Exercise instructions>
Copy nothing from the entries below except the lines from the one containing "3、战机可通过升级、六大装备" through the one containing "日前,莎车团县委联合新疆师范", and copy those exactly.

Record extracts: Begin

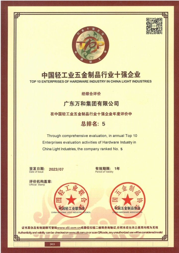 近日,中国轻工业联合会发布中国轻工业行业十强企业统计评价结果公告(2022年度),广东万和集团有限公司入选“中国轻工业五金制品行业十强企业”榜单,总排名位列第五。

Record extracts: End
Record extracts: Begin

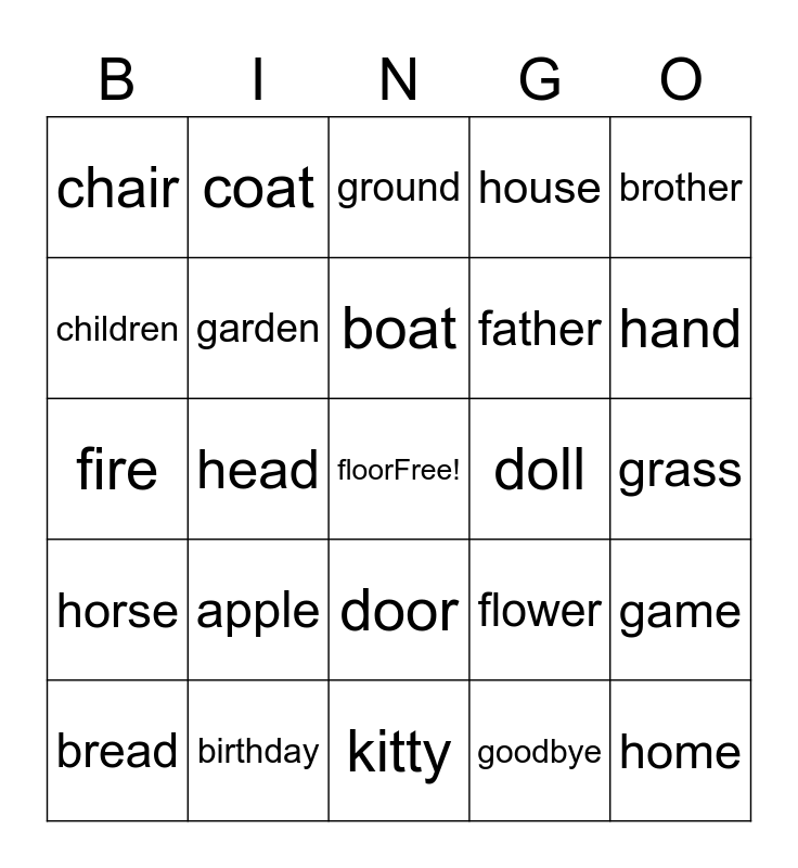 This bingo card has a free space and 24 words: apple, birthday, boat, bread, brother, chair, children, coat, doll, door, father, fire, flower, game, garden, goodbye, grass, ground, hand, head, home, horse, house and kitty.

Record extracts: End
Record extracts: Begin

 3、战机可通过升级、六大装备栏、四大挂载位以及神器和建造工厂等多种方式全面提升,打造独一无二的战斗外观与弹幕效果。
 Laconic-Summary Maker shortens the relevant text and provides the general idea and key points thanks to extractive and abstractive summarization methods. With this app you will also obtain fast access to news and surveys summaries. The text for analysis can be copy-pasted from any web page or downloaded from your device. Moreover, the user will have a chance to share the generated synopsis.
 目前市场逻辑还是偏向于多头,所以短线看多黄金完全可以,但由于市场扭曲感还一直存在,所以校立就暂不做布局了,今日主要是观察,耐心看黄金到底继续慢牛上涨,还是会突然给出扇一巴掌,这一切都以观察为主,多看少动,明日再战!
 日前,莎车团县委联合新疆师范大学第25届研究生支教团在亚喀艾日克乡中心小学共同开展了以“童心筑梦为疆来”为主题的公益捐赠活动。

Record extracts: End

The answer>
 3、战机可通过升级、六大装备栏、四大挂载位以及神器和建造工厂等多种方式全面提升,打造独一无二的战斗外观与弹幕效果。
 Laconic-Summary Maker shortens the relevant text and provides the general idea and key points thanks to extractive and abstractive summarization methods. With this app you will also obtain fast access to news and surveys summaries. The text for analysis can be copy-pasted from any web page or downloaded from your device. Moreover, the user will have a chance to share the generated synopsis.
 目前市场逻辑还是偏向于多头,所以短线看多黄金完全可以,但由于市场扭曲感还一直存在,所以校立就暂不做布局了,今日主要是观察,耐心看黄金到底继续慢牛上涨,还是会突然给出扇一巴掌,这一切都以观察为主,多看少动,明日再战!
 日前,莎车团县委联合新疆师范大学第25届研究生支教团在亚喀艾日克乡中心小学共同开展了以“童心筑梦为疆来”为主题的公益捐赠活动。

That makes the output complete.